China’s gun control law of 1996 states that to be legally classified as a gun, a weapon has to be capable of killing someone or knocking them unconscious. But in 2010, the Chinese Ministry of Public Security imposed far stricter rules that in effect defined many toys as illegal guns. Under the rules, a toy gun that fires a projectile with enough force to tear a sheet of newspaper — far short of lethal or dangerous force — can be considered a gun, according to lawyers.
In a study published in 2019, investigators from China’s Public Security University found that nearly all of a random sample of 229 replica guns bought online would be classified as illegal under the 2010 rules.
“These toy guns are openly sold in Hong Kong, but in the mainland they’re treated as weapons and ammunition,” said Wang Jinzhong, whose son was sentenced to life imprisonment in Hebei Province, northern China, in 2016, for owning 16 replicas that the police deemed illegal.
“Frankly, there are many things more dangerous than these toys,” said Mr.
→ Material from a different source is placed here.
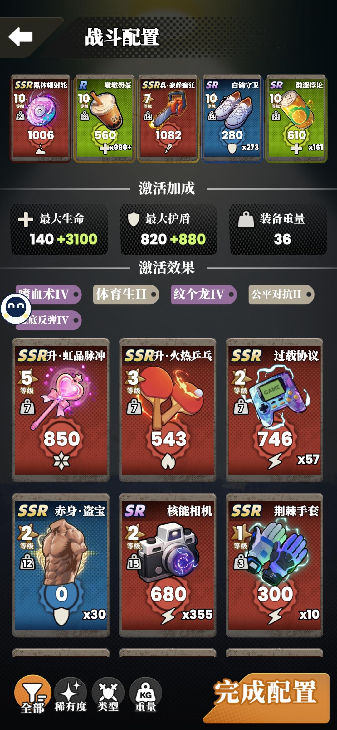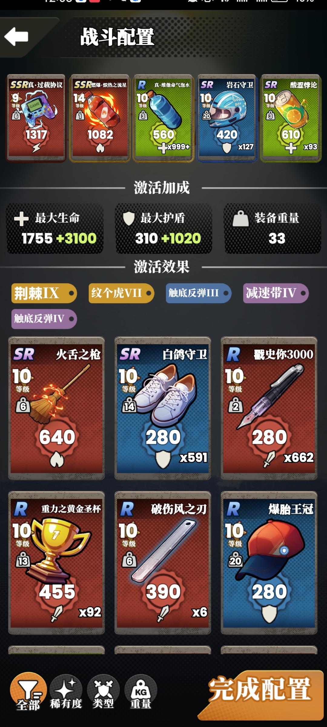 战斗系统有点无聊,从头到尾都一个样,而且并不复杂。自己摸索一会也能摸索明白,按照伤害要高,负重要低,容易抢先手和打出高伤害就行,装备有两个SSR成长类型的很重要,刷到了就优先升级他们,从开始刷到结束大约能多出一千血和一千护盾,不过注意不要带吸血的,似乎会被吸血顶掉。然后战斗时多花体力随机,没有打不过的怪,死了看广告复活。如果不想摸索,直接去社区抄一份攻略。其实战斗对武器要求不高,只要肯花体力随机,三个道具全随机到攻击类型的武器,直接伤害翻三倍,没什么一次打不死的。

Wang, who has petitioned judges and officials for his son, Wang Yinpeng, 37, to be released. “This really is a human rights disaster for China.”
Chinese regulators have demanded over the years that Alibaba be more proactive about stopping various kinds of illegal goods from being sold on its digital bazaars. In 2015, the country’s market watchdog accused the company of turning a blind eye to sales of fake alcohol and cigarettes, knockoff designer bags and “items that endanger public safety,” such as certain knives. Alibaba called the regulator’s findings “flawed” and filed a complaint.